I see it then. Something in the way he spits it, sending a genuine chill down my spine. I see all of the grief and hatred he’s been keeping hidden as we meet, day after day.

Chained in the dark, as my mother once described it.

“Lanistia’s my friend, Tertius. She’s my friend and of no tactical importance, and if she’s in a Sapper, they’re going to kill her just in case she’s ceding to the wrong person.

” Vek. Even if he wasn’t holding Aequa so threateningly, I cannot think of a way I can get past him, let alone beat him.

If he imbues something, then maybe I can get to it.

Adopt his own power and use it against him.

But he’s self-imbuing. I confirmed months ago that I can’t take Will directly from other people, and the weapons I have at my disposal—the metal triangles sitting beneath my tunic—will do little more than dent themselves against him, and then give me away in the process.

“I’m sorry. I’m sorry I didn’t act sooner at the naumachia. I’m sorry Iro got injured—”

“Iro is dead.” Decimus’s lifeless voice cuts through anything else I might have said.

Stills me to hollow silence. “He died three days ago. The Vitaerium wasn’t enough.

He just couldn’t breathe anymore.” Fist clenching and unclenching.

The words coming out so calm, and yet every inch of the man screams of pain and violence.

“They knew it was coming. But I couldn’t go to him.

I couldn’t be there to say goodbye because I. Had. Responsibilities.”

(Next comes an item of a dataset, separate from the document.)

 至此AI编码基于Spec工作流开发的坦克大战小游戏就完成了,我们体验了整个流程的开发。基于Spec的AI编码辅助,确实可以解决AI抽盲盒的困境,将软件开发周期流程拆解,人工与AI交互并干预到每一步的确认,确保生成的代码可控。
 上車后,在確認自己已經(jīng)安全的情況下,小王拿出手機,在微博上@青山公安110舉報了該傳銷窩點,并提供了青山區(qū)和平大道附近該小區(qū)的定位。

He takes me in. Shifts his grip so that his hand rests on Aequa’s head. “At least I am giving you the chance to say goodbye, Telimus.”

“What?” I freeze, hold up my hand as I see the sudden panic on Aequa’s face.

She beats at him, tries to twist away but his grasp on her head is firm.

No. This is a test. A means of extracting more from me.

“Whatever you want from me, Tertius. Anything you want. Just let me know.” Test or not, I won’t risk it.

“I want my children back,” says Decimus softly. “Or in lieu of that, I want you to say goodbye.”

“It’s alright, Vis.” Aequa’s shaking. Stopped struggling, I think because it was hurting her as much as getting nowhere. But somehow, she still forces a smile at me. “It’s alright. Whatever happens, neither of us can—”

Decimus tightens his grip.

Aequa’s head caves in.

I just stand there. Limbs weak, heart stopped, breath gone.

There is the cracking of bone and then an ugly squelching.

This cannot be happening. My friend’s face is crumpled between his fingers.

Her dark, straight hair molten with crimson in the dying light of the day.

Decimus releases her. Flicks blood and brain off his hand as her body crumples to the ground, watching me the entire time.

A wordless cry. I am flying at him. All of my shock and rage a thin tunnel, unable to even process what I am doing as I am doing it.

I hit him across the face, and he smiles at my pain as my fist near shatters in its meeting the immovable object.

I try to force him backward over the edge, forgetting that it will take far more than twenty or so feet to kill him.

He doesn’t budge. My throbbing hand around his throat. He doesn’t even blink.